Conceptually, all FDA-regulated medical products meet the definition of “drug” under section 201(g) of the FD&C Act, due to the broader scope of the drug definition. For a medical product also to meet the more restrictive device definition under section 201(h) of the FD&C Act, it must (i) be “an instrument, apparatus, implement, machine, contrivance, implant, in vitro reagent, or other similar or related article,” and (ii) “not achieve its primary intended purposes through chemical action within or on the body of man or other animals” and (iii) “not [be] dependent upon being metabolized for the achievement of its primary intended purposes” (emphasis added).
The sponsor presumably has the most complete information relevant to how its proposed product achieves its primary intended purpose(s). Sponsors seeking a classification determination should present all available data and other information potentially relevant to that determination (without regard to whether the data or information supports the sponsor’s preferred outcome). For example, for a sponsor seeking to classify its proposed product as a device, those data should demonstrate that its product meets the definition of a device.
At the classification stage, sponsors would not be expected to have gathered sufficient data to demonstrate that their proposed product meets the applicable marketing authorization standard (e.g., data demonstrating effectiveness). Therefore, the focus of FDA’s classification analysis is on how the product would be expected to achieve its primary intended purposes, assuming it is capable of achieving its primary intended purposes at all. FDA will use its best scientific judgment to evaluate all available information relevant to the classification determination, including information submitted by the sponsor or available in the literature.
The following discussion presents the Agency’s current thinking on certain issues that arise with respect to the statutory definition of device.
1. “Similar or related article” in the definition of device
The first clause of the device definition provides that the term “means an instrument, apparatus, implement, machine, contrivance, implant, in vitro reagent, or other similar or related article . . .” (emphasis added). The issue of whether a product may be considered a “similar or related article” under this clause can arise, for example, with regard to products in liquid, semi-liquid, gel, gas, or powder form. In some cases, such products are appropriately considered “similar or related articles,” and may be classified as devices, so long as they also satisfy the remainder of the device definition under section 201(h) of the FD&C Act, including the chemical action exclusion discussed in section III.B.3 below. This could be the case, for example, for gels or powders put on the skin as a barrier, gases used as space fillers, or liquids used to clean either surgical instruments or contact lenses.
2. “Primary intended purposes” in the definition of device
Most often, in determining whether a product meets the device definition, questions arise concerning the exclusionary clause of the definition, which provides that a device is a product “which does not achieve its primary intended purposes through chemical action within or on the body of man or other animals . . . .” 11 A product that has chemical action could be a device if it does not achieve its primary intended purposes through that chemical action.

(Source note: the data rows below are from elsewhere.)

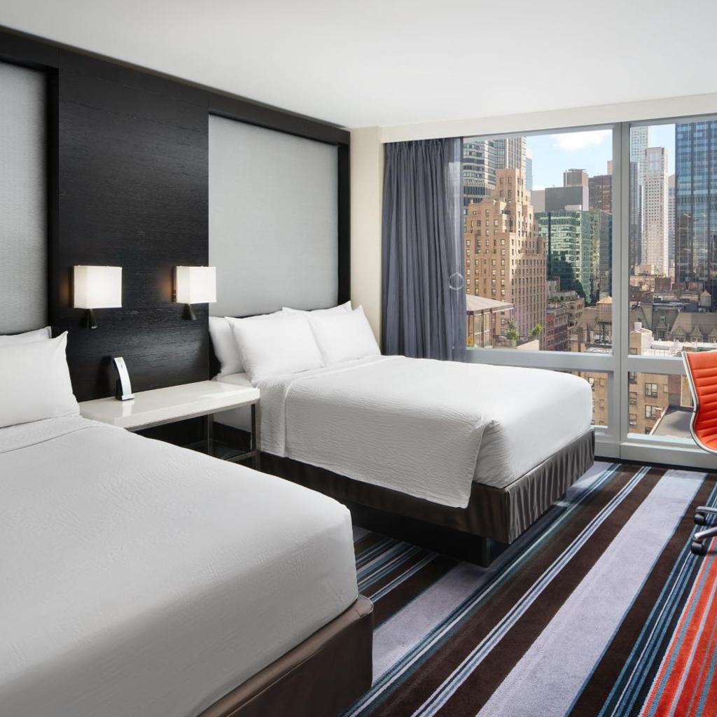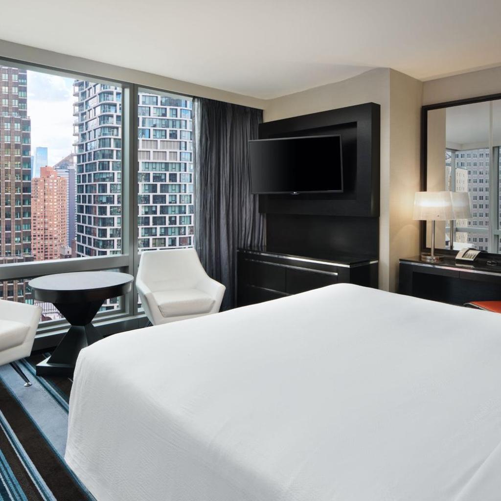 Os quartos do Courtyard by Marriott são um refúgio de tranquilidade e estilo. Cada acomodação é equipada com TV via satélite com canais a cabo, uma prática geladeira e uma mesa de trabalho, ideal para quem precisa de um espaço para se concentrar. As janelas panorâmicas oferecem vistas deslumbrantes, permitindo que você aprecie a vibrante cidade de Nova York, com opções que incluem vistas do Central Park, da Times Square ou do majestoso Rio Hudson.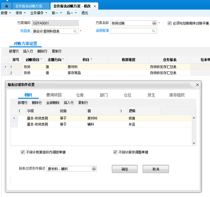 1.如果按存货类别区分不同科目,凭证模板科目影响因素设置了科目与存货类别的对照关系,则对账对账方案设置需要和科目影响因素设置一致;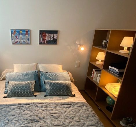 Meuble en bout de lit pour dégager l'espace bureau ou meuble à coté du lit pour isoler le couchage.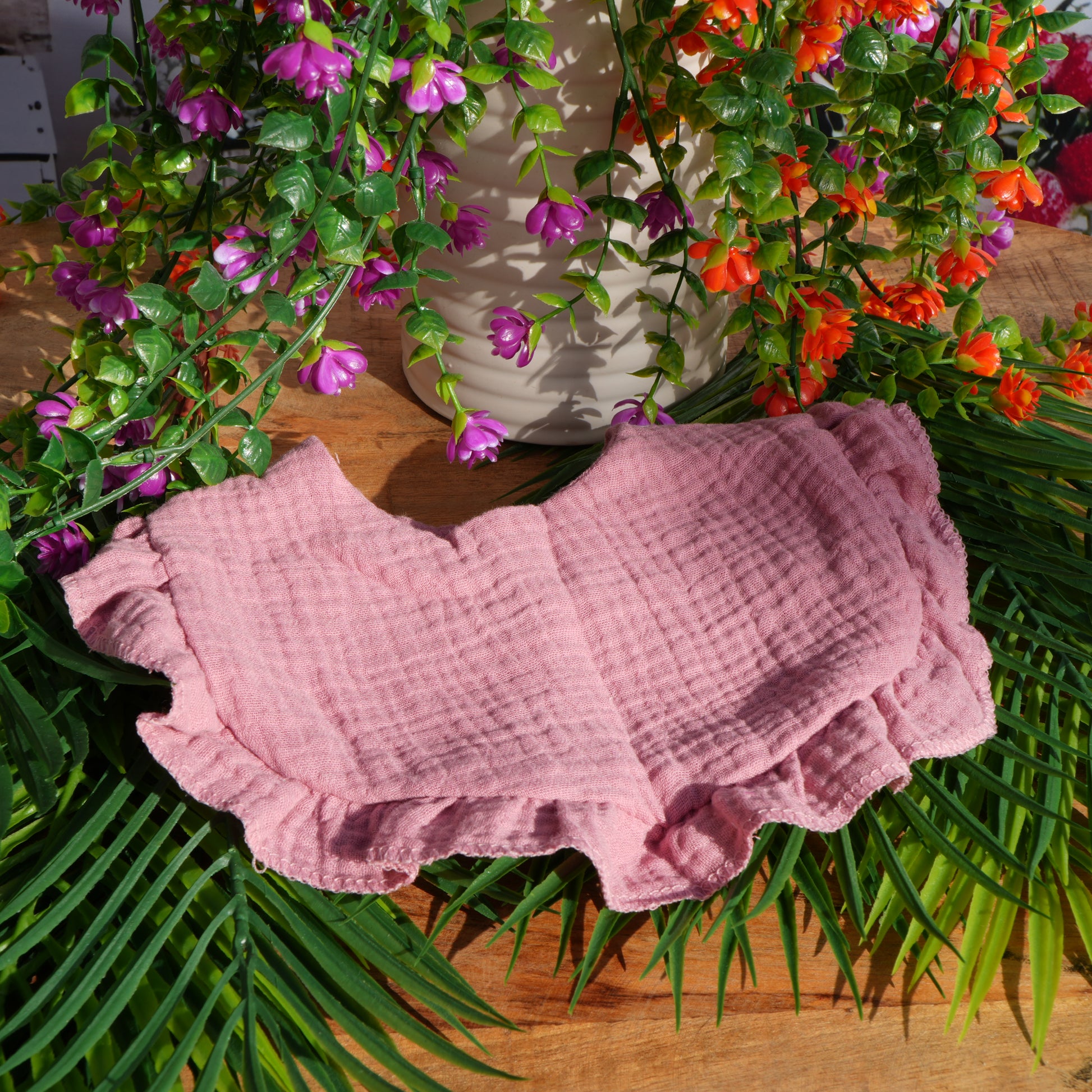 Gemaakt van zacht katoen en dubbel laags. Absorberend en afgewerkt met een ruche. en drukknoop sluiting.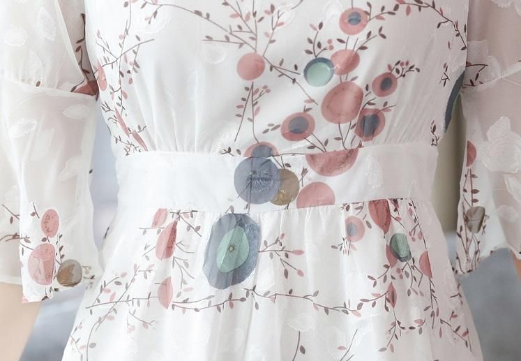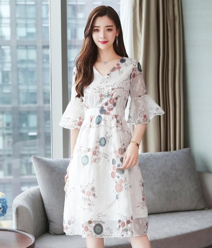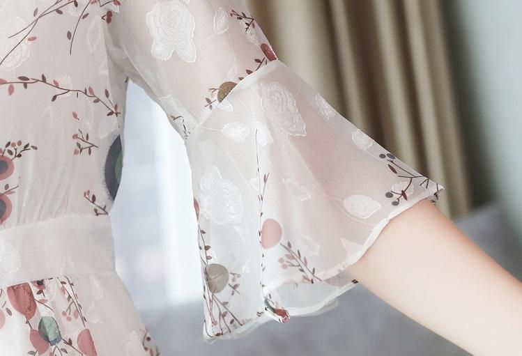 上品かわいいフレアシルエット◇シフォン ミディ丈ワンピース 大きいサイズあり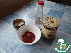 Тем временем займемся приготовлением соуса. Томатную пасту соединяем с брусничным соусом, подсаливаем по вкусу, добавляем немного водички (кипяченой).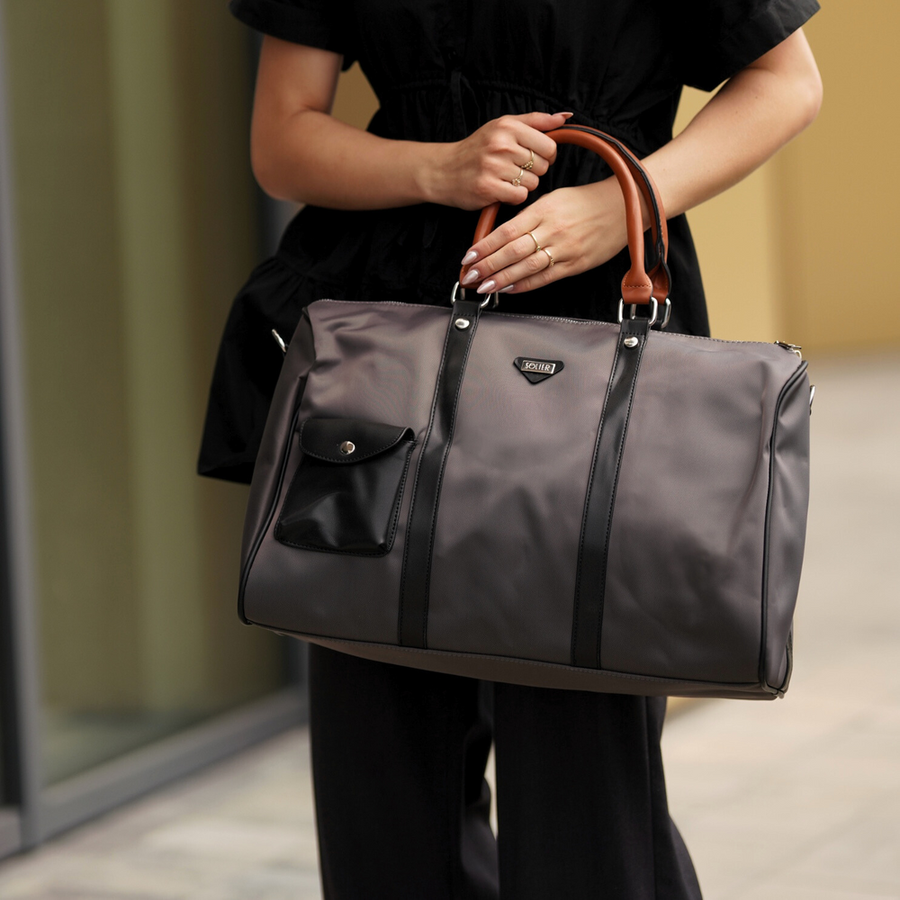 Solier Barrley to duża torba weekendowa, która łączy minimalistyczny design z maksymalną funkcjonalnością. Dzięki lekkiej konstrukcji i pojemnemu wnętrzu świetnie sprawdzi się na krótkie wyjazdy, jako torba podróżna, torba sportowa lub bagaż podręczny. Jej uniwersalny styl, podkreślony eleganckimi detalami i kontrastowymi uchwytami, pasuje zarówno do casualowych, jak i bardziej formalnych stylizacji.

For example, if the primary intended purpose of a hip joint replacement implant is to restore movement, and the implant also elicits a foreign body response through chemical action, that response would not be considered a primary intended purpose of the implant. Accordingly, such an implant could be classified as a device despite the chemical action, because such action does not achieve the product’s primary intended purpose. Similarly, if the primary intended purpose of an absorbable suture is to rejoin tissue, and the suture is also designed to be resorbed by the body through a combination of chemical action and metabolic activities, such resorption would not be considered a primary intended purpose of the product. Accordingly, such an absorbable suture could be classified as a device despite the chemical action and metabolic activity, because such action or activity does not achieve the product’s primary intended purpose.

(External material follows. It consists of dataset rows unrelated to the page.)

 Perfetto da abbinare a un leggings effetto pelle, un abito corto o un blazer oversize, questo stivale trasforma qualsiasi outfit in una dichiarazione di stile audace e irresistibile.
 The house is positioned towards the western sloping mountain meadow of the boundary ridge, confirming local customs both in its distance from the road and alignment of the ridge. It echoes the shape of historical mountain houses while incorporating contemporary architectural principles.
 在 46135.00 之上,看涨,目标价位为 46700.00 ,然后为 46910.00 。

3. “Chemical action” in the definition of device
FDA frequently receives questions from product sponsors concerning the Agency’s interpretation of the term “chemical action.” This term must be read in the context of the statutory definition of “device” as a whole. The determination of whether a product meets the device definition does not depend solely on whether the product exhibits “chemical action.” In particular, as explained in section III.B.2 and 4, a product that exhibits chemical action will still meet the device definition if the product “does not achieve its primary intended purposes through” that chemical action “within or on the body,” and otherwise satisfies the device definition.
Under the Agency’s interpretation of the device definition, a product exhibits “chemical action” if it interacts at the molecular level with bodily components (e.g., cells or tissues) to mediate (including promoting or inhibiting) a bodily response, or with foreign entities (e.g., organisms or chemicals) so as to alter that entity’s interaction with the body. 12 We note that this type of interaction is consistent with the term “pharmacological action” as that term is generally understood in the medical field. Accordingly, we have used “pharmacological action” as a short-hand throughout the rest of this guidance for ease of explication and recognition. The examples presented in section III.B.5 offer illustration of FDA’s interpretation of chemical action.

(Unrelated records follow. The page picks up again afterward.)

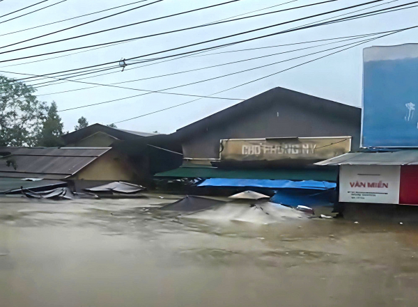 Chợ Phong Mỹ, phường Phong Điền chìm ngập trong nước lũ.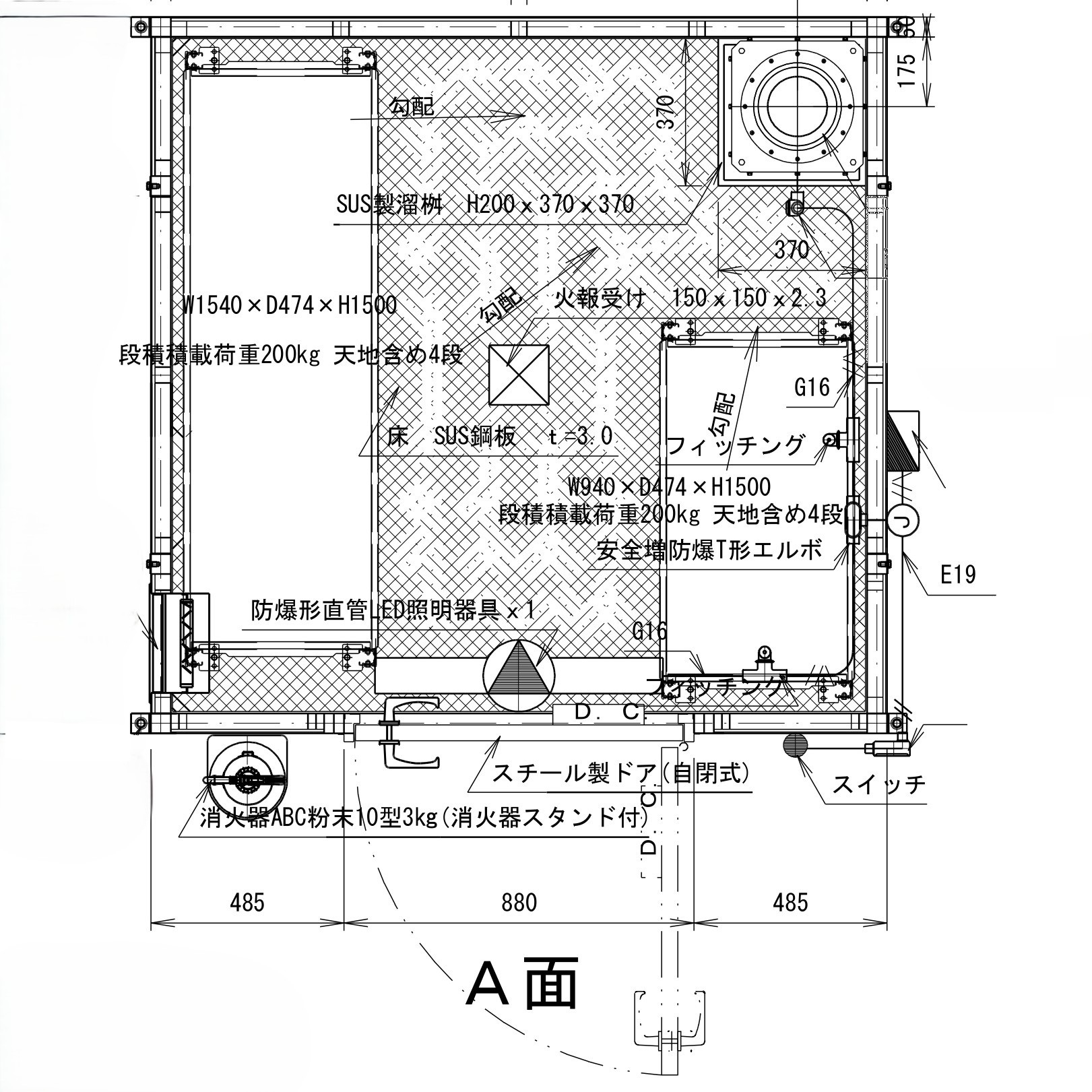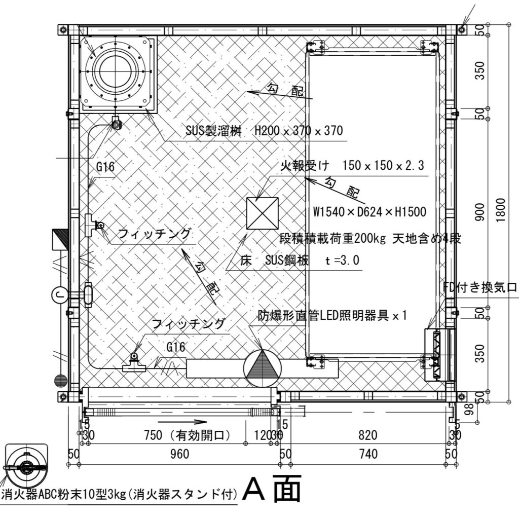 現在の『鐘馗くん』は、消防申請時に貯蔵する危険物、設置する位置に合わせて完全オーダーで製作した危険物庫です。(外寸、建具、電材、吸気口、排気口位置など)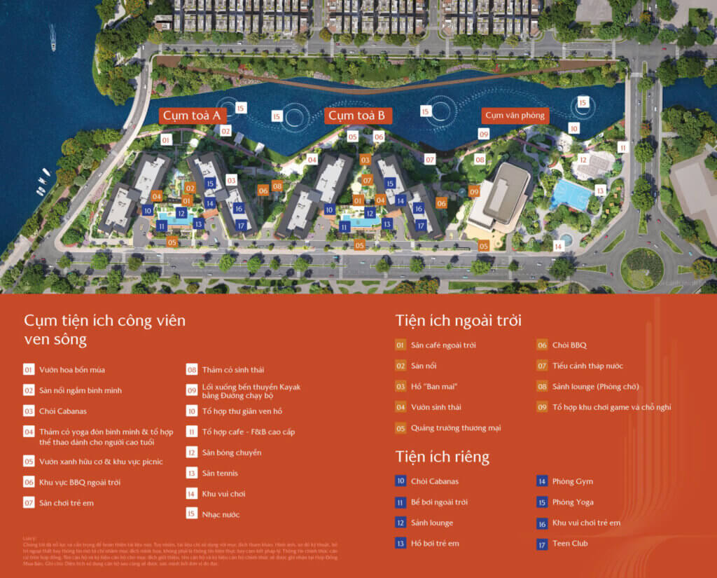 Tiện ích nội khuCông viên ven sông, kênh đào dài 2km, công viên cây xanh 13 hecta, hồ bơi, trường học quốc tế, bệnh viện quốc tế, trung tâm thương mại 123.000m2, nhà hàng, cafe, khu mua sắm, Spa,…

4. “Within or on the body” in the definition of device
Because a device “does not achieve its primary intended purposes through chemical action within or on the body of man or other animals” (emphasis added), a product can be a device even if it achieves its primary intended purposes through chemical action, so long as the chemical action does not occur “within or on the body” (and the product meets the other elements of the definition of device under section 201(h)).
Whether chemical action is occurring “within or on the body” is generally a straightforward matter. If the chemical action is occurring inside the body or on the surface of the body, it is within or on the body. For example, the chemical action of an orally ingested pill or tablet of a decongestant would be “within the body,” and the chemical action of a spray or cream for treatment of dermatitis when applied to the skin would be “on the body.” Similarly, it is generally a straightforward matter to determine that chemical action is not occurring within or on the body. For example, the chemical action of an antimicrobial agent used to clean a surgical instrument before that instrument is used is not occurring within or on the body.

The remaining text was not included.